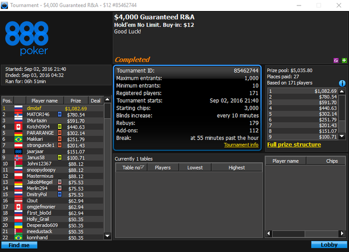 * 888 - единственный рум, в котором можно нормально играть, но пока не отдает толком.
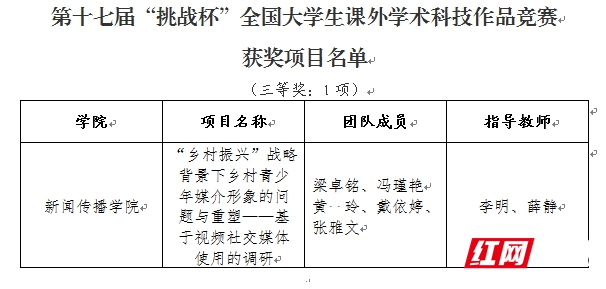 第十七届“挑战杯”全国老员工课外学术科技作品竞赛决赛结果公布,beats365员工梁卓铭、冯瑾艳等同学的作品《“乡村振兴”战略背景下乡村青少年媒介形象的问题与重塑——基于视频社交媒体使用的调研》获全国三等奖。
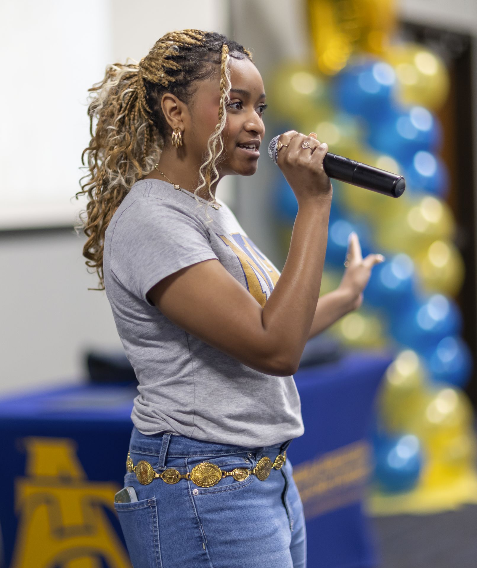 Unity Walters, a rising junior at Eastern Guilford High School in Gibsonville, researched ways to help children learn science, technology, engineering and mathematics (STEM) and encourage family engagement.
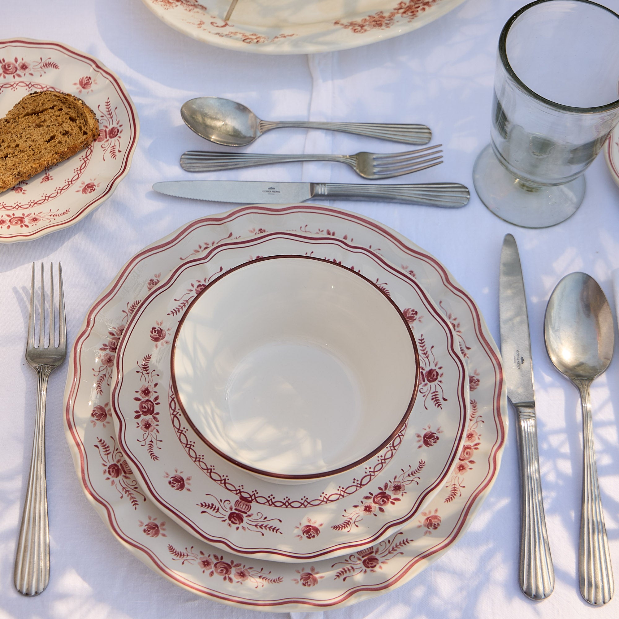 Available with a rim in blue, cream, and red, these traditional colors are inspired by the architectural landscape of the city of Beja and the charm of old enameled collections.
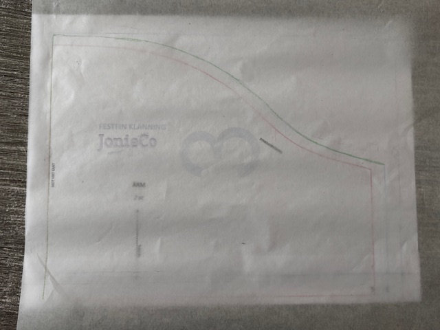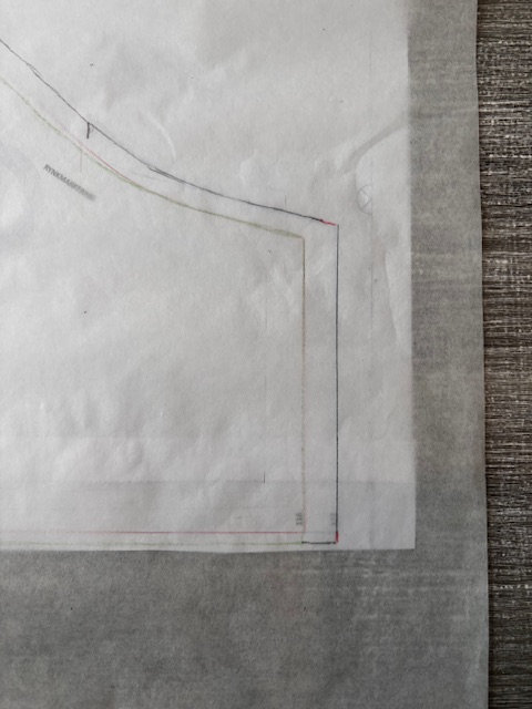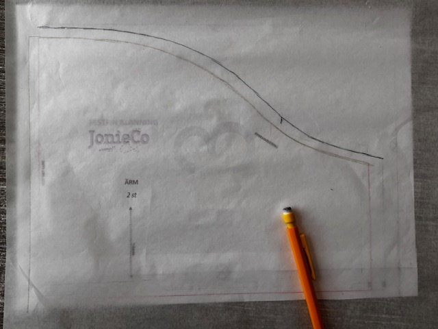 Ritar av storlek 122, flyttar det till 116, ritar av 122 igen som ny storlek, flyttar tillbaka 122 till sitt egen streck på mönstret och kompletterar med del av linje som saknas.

:::::

--- Action item ---
Once you find the line that contains "Available with a", give it again along with every later line through the end of the data, word for word, minus the pictures.

--- Exercise solution ---
 Available with a rim in blue, cream, and red, these traditional colors are inspired by the architectural landscape of the city of Beja and the charm of old enameled collections.
 Ritar av storlek 122, flyttar det till 116, ritar av 122 igen som ny storlek, flyttar tillbaka 122 till sitt egen streck på mönstret och kompletterar med del av linje som saknas.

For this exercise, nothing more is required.